You can use `std.conv.to` to convert the dchar[] back to a string,
adding `.to!string` at the end of the dchar[] array you want to convert.
Also not that there exists two similar functions to the lazy evaluated
splitter() and joiner() in std.array: the eagerly evaluated split() and
join(); being eager make the code looks more straightforward (no
`.array` or `.to!string`).
import std.stdio;
import std.array;
import std.algorithm;
void eager () {
string name = "thiš.ìs.à.çtriñg";
auto parts = name.split (".");
parts.popBack;
auto cut = parts.join (".");
cut.writeln;
}
void lazy_ () {
string name = "thiš.ìs.à.çtriñg";
auto parts = name.splitter (".");
parts.popBack;
auto cut = parts.joiner (".").array.to!string;
cut.writeln;
}
void main () {
eager ();
lazy_ ();
}
The program prints:
thiš.ìs.à
thiš.ìs.à
On 01/01/2014 08:40 AM, Dfr wrote:
And one more problem here:
string name = "test";
auto nameparts = splitter(name, '.');
writeln(typeof(joiner(nameparts, ".").array).stringof);
This prints "dchar[]", but i need char[] or string, how to get my
'string' back ?
On Tuesday, 31 December 2013 at 20:49:55 UTC, Dfr wrote:
Hello, i have string like "this.is.a.string" and want to throw away
some parts separated by dots, here is first attempt:
name = "this.is.a.string"; // <-- want to make "this.is.a" from this
auto nameparts = splitter(name, '.');
auto name1 = joiner(nameparts[0 .. $-1], '.');
And got this error: "Error: Result cannot be sliced with []"

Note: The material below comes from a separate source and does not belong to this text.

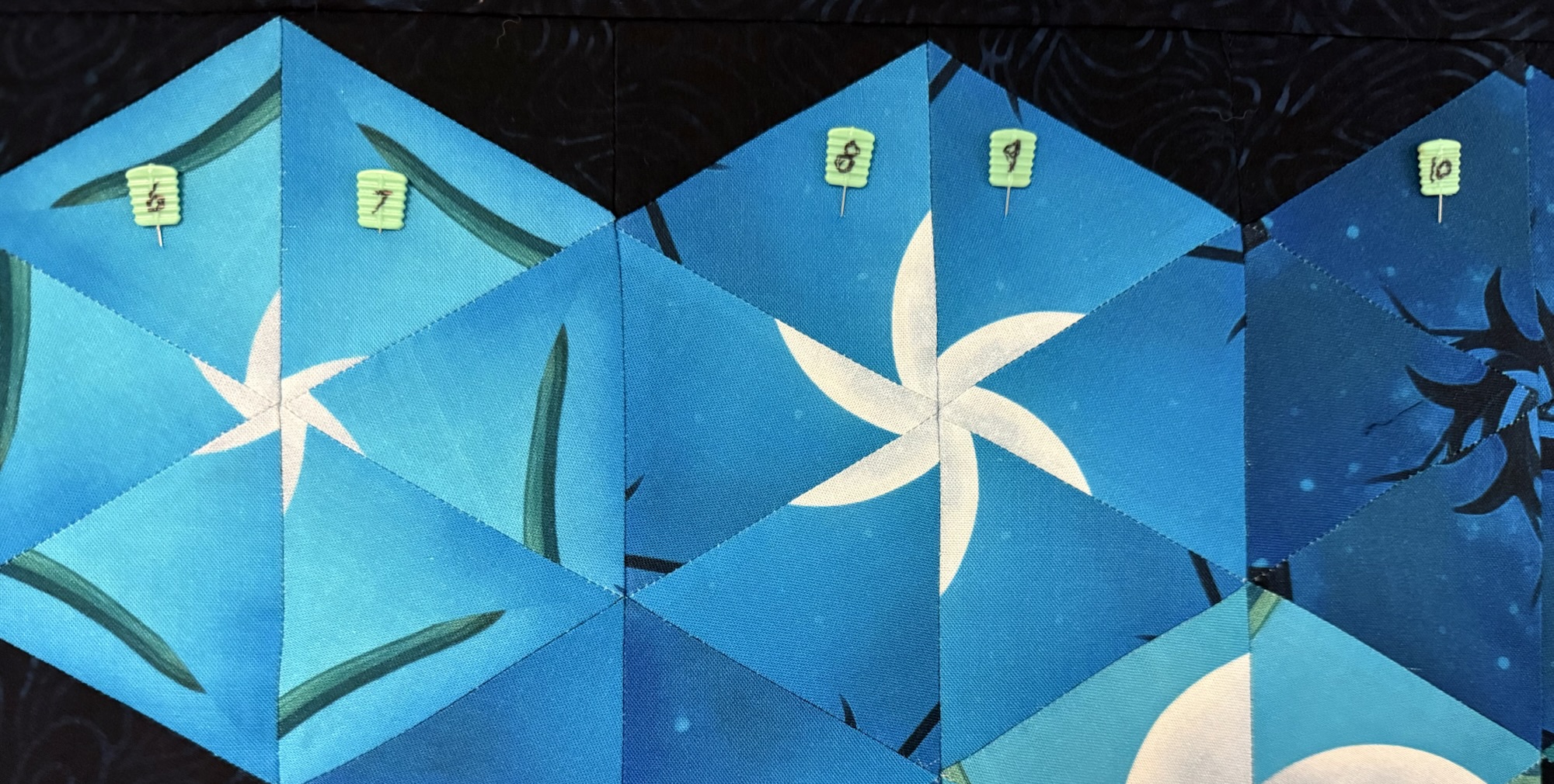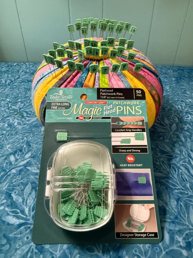 Magic pins have these great Flathead pins in Applique, Patchwork, Quilting, Alphabet and Extra Long. My OBW’s vary in size. On average, I have about 30 columns across the quilt with another 15 on the bottom section under the panel.

So, kinda fixed it (correct way?):
name = "this.is.a.string";
auto nameparts = splitter(name, '.').array;
auto name1 = joiner(nameparts[0 .. $-1], '.');
got this:
Error: template std.algorithm.joiner does not match any function
template declaration. Candidates are:
/usr/include/dmd/phobos/std/algorithm.d(2846):
std.algorithm.joiner(RoR, Separator)(RoR r, Separator sep) if
(isInputRange!RoR && isInputRange!(ElementType!RoR) &&
isForwardRange!Separator && is(ElementType!Separator :
ElementType!(ElementType!RoR)))
Stuck here, thank you for any help.